Algorithm 1 guarantees that for all N ≥ 0,

µ_{N} \leq c_{1}^{- 1} \frac{h (x^{0}) - h}{N + 1}

(42)

Proof of Proposition Theorem 2.

In view of Proposition 1(a) and the definition of

γ_{N}

in (21), summing both sides of (26) for

n = 0, . . ., N

and using the fact that

δ_{N} > 0

from (21), we obtain

h \leq h (x^{0}) - \sum_{n = 0}^{N} γ_{n} {‖ x^{t} - x^{t - 1} ‖}^{2} \leq h (x^{0}) - (N + 1) \underset{0 \leq n \leq N}{m i n} γ_{n} μ_{N} .

(43)

As

γ_{n} > c_{1},

a simple rearrangement concludes the proof. □

7. Experimental Results and Analysis

In this section, we compare the performance of the proposed IPGM with that of various existing methods with respect to solving CDL problems.

7.1. Experimental Setup

7.1.1. List of Compared Methods

SBDL denotes the method proposed in [23] based on convex optimization with an $ℓ_{1}$ norm-based sparsity-inducing function that uses slices via local processing.
Local block coordinate descent (LoBCoD) denotes the method proposed in [24] based on convex optimization with an $ℓ_{1}$ norm-based sparsity-inducing function that utilizes needle-based representation via local processing.
The PGM denotes the method proposed in [1] based on convex optimization with an $ℓ_{1}$ norm-based sparsity-inducing function that uses the Fast Fourier transform (FFT) operation.
The IPGM denotes the method proposed in Algorithm 1 in this paper uses needle-based representation via local processing.

7.1.2. Parameter Settings

The parameter settings used for the comparison methods are described as follows:

In SBDL [23], the model parameter is $λ$ , and its initial value is 1. The maximum nonzero value of the LARS algorithm is 5. The filter size of the dictionary is 11*11*100. In addition, special techniques are used in the first few iterations of the dictionary learning process.
In LoBCoD [24], the model parameter $λ$ is initialized to 1. The maximum nonzero value of the LARS algorithm is 5. The filter format of the dictionary is 11*11*100. In addition, the dictionary learning process first carries out 40 iterations and then uses the proximal gradient descent algorithm.
In the PGM [1] model, the Lipschitz constant L is set to 1000 for fruit, and $λ = 1$ .
In the IPGM, the model parameter $L_{t}$ is set at 1000 for fruit, and $λ = 1$ .

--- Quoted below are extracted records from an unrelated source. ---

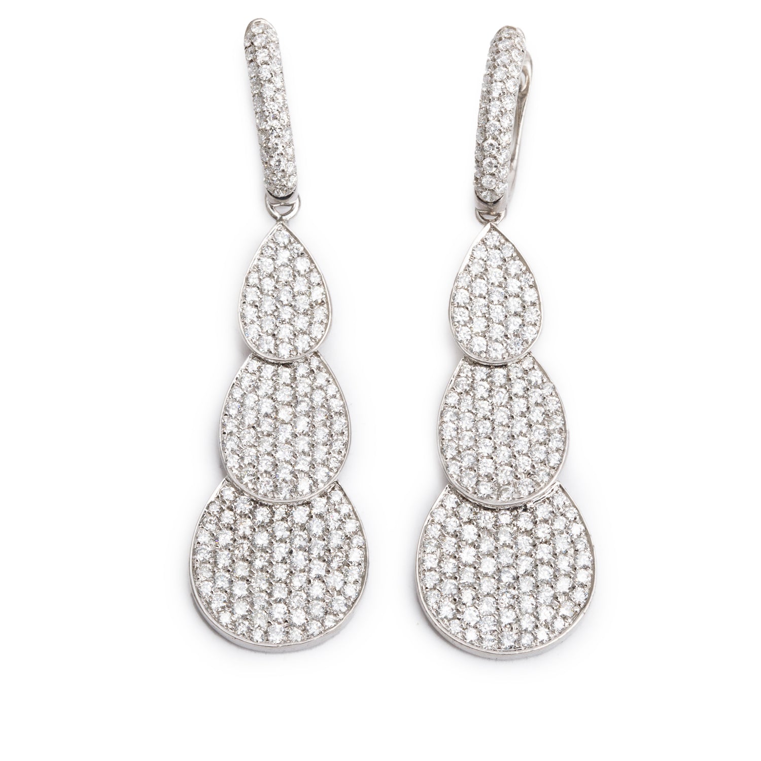 18k White Gold 3.86 tcw. Pave Diamond Drop Earrings
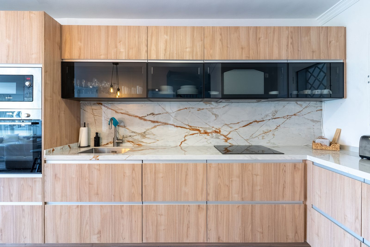 Les espaces de vie ouverts s'ouvrent naturellement sur les terrasses, où les vues sur la mer et la montagne font partie du quotidien.
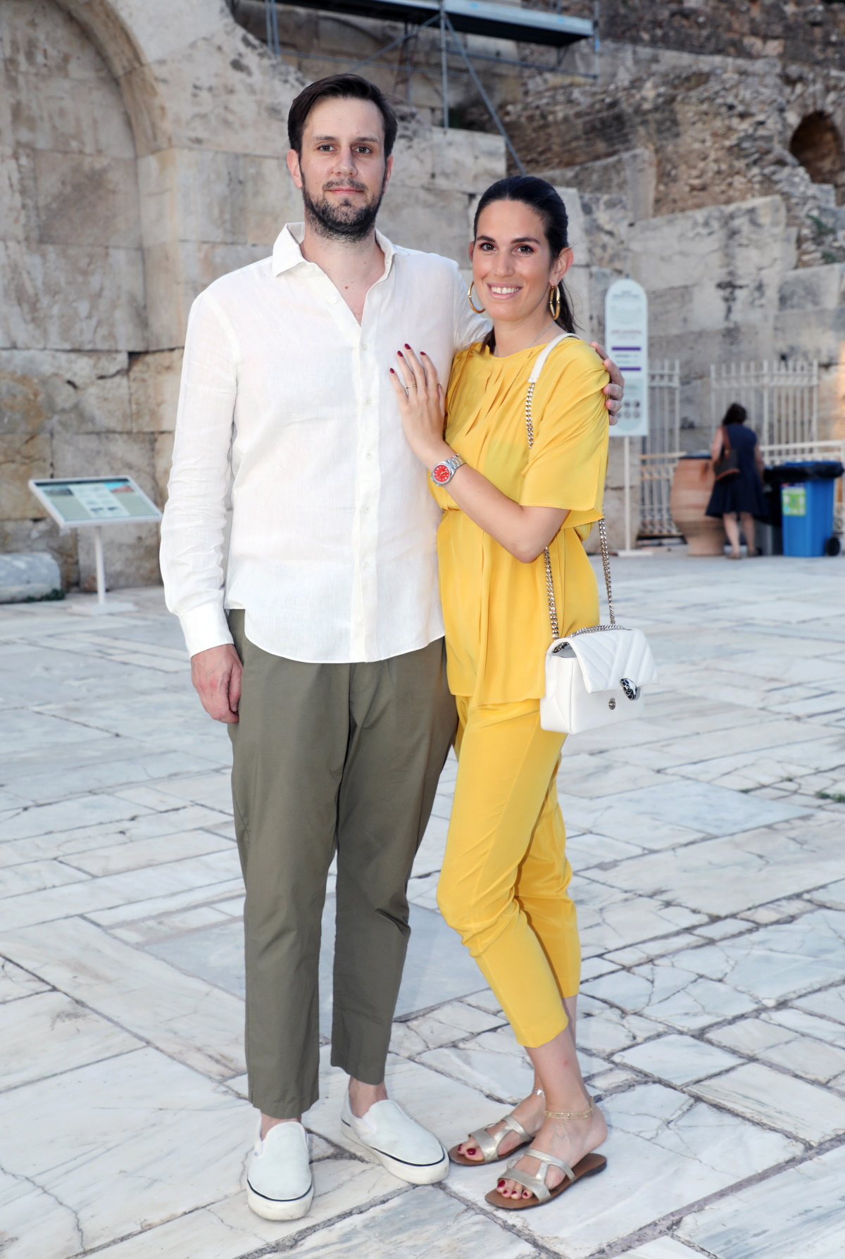 Η Αναστασία Καίσαρη πόνταρε στη μονοχρωμία αλλά στο εντυπωσιακό κίτρινο και το αποτέλεσμα μαγνητίζει το βλέμμα. Η πρωταγωνιστική απόχρωση φωτίζει και ταυτόχρονα κολακεύει την καλλίγραμμη σιλουέτα της. Το look συμπλήρωσαν αξεσουάρ σε ουδέτερους τόνους, μια λευκή βραδινή τσάντα και ένα ζευγάρι μεταλλιζέ flat πέδιλα, που συνδυάζουν την αίσθηση πολυτέλειας με την άνεση.
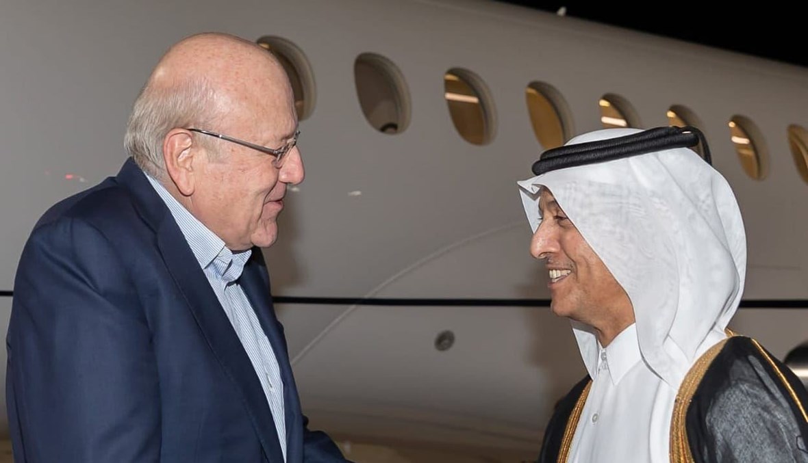وكان في استقبال ميقاتي والوفد اللبناني، لدى وصوله إلى مطار حمد الدولي، وزير الدولة القطري فهد بن فيصل آل ثاني ورئيسة البعثة اللبنانية إلى دولة قطر فرح بري.
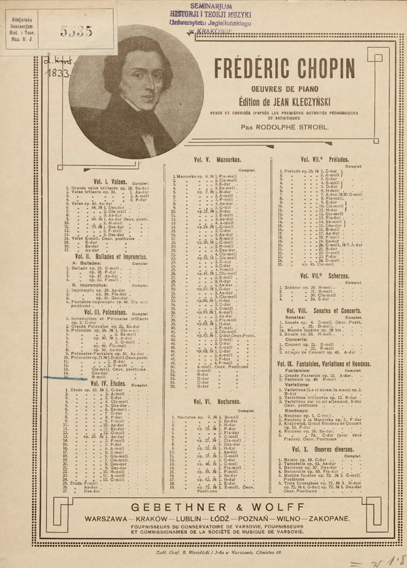 Publisher. Info. Frédéric Chopin: Oeuvres de piano, Vol.III, No.15

7.1.3. Implementation Details

The computations of the SBDL, LoBCoD, and PGM algorithms, as well as the IPGM algorithm, are performed using a PC with an Intel i5 CPU and 12 GB of memory.

7.2. Efficiency of Dictionary Learning Algorithms

7.2.1. Motivation and Evaluation Metrics

The efficiency and stability of objective function are the most important criteria for evaluating a numerical optimization algorithm. The sequence generated by an efficient dictionary learning algorithm converges quickly to the corresponding clustering point with a lower function value. The relevant evaluation indicators are listed below.

Final Value of $f + g$ and the Algorithmic Convergence Properties: In the $f + g$ minimization-based analysis method, we use the function value of the generated sequence to evaluate its optimization efficiency and convergence.
Computing Time: We compare the computing times of the SBDL, LoBCoD, PGM, and IPGM algorithms and compare the computing efficiency.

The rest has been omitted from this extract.